Cyber-attacks are a problem not just for the IEC, but for the entire Israeli economy, said Professor Yitzchak ben-Yisrael, who heads Tel Aviv University’s Yuval Ne’eman Workshop for Science, Technology and Security, and helped establish the prime minister’s National Cyber Committee. In a recent interview, Ben-Yisrael said that Israel experienced about 1,000 cyber-attacks per minute, every day, all day — and most of them are not from hacker groups, like Anonymous, but from states, organized crime, and terrorist groups.
“A cyber-war can inflict the same type of damage as a conventional war,” Ben-Yisrael said. “If you want to hit a country severely you hit its power and water supplies.

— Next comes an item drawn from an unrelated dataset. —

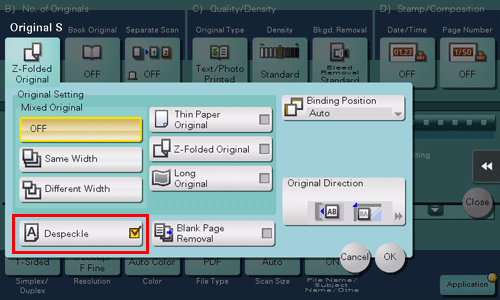 When [Despeckle] is specified to scan an original using the ADF, scanning of original and dust removal from the Slit Scan Glass are performed alternately, so that the original is always scanned using clean Slit Scan Glass.

Cyber technology can do this without shooting a single bullet.” Cyber-security, he said, “is not about saving information or data. It’s about securing the different life systems regulated by computers.”

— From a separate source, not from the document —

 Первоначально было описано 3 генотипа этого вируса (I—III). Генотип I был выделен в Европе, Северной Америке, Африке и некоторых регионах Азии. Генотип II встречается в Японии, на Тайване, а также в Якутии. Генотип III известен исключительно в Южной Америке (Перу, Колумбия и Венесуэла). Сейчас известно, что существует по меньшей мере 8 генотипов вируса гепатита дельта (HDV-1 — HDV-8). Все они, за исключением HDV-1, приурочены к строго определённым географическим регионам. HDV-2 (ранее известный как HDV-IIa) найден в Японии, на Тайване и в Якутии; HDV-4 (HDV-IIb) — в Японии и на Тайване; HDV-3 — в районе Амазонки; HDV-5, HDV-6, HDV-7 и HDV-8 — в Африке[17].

Among those states attacking Israel’s infrastructure, many Israelis would assume, is likely to be Iran — but in his remarks, Ron-Tal said that relatively few of the attacks on the IEC originated in Iran, or so it would seem.
“The countries where the attacks originate from are not necessarily the ones we are at war with, including the US, China, and Korea,” with some attacks originating in Israel itself. “Iran is one of the lesser offenders, at least on paper.” However, that doesn’t mean that Iran is not behind most of the cyber-attacks on Israel; the Iranians could be using proxies and other techniques to deflect the traceability of the attacks, he added.
How can the IEC and other infrastructure firms, including the companies that import, manufacture, or distribute water, gas, oil, food, and many other necessities of life defend themselves? More work is needed to ensure a secure defense, Ron-Tal said, and the first thing that needs to be done is to tighten information-sharing between Israel and other countries on the cyber-threats that are out there, in order to be able to tighten defenses.
One method that is being used in other companies is the implementation of a smart grid, which analyzes electricity usage and deploys production facilities and resources as needed. Thus, when electricity usage is high in one area and lower in another, a smart grid will move more power into the substations where demand is high, lowering the supply in areas with lighter use.
Such sophisticated systems can be used to circumvent cyber-attacks on electric companies, said Andy Bochman, a smart grid security expert for IBM. “A small [attack] happening in one place will be easier to isolate, and other resources can be brought to bear and there isn’t the damage that the bad guys were intending,” Bochman said. “It’s one of the motivators that keep senior people in government and industry up at night practicing for it.”
A recent report by Security & Defense Agenda’s (SDA), a Brussels specialist security and defense think-tank, ranked Israel as one of the most prepared countries to deal with cyber-attacks — which, said Ben-Yisrael, it is, relative to other countries. But given Israel’s special needs, the country needs to go beyond what it has, and shore up its cyber-security, especially in defense of its infrastructure.
“If you look at the potential threat,” he said, “there is still a lot to do.”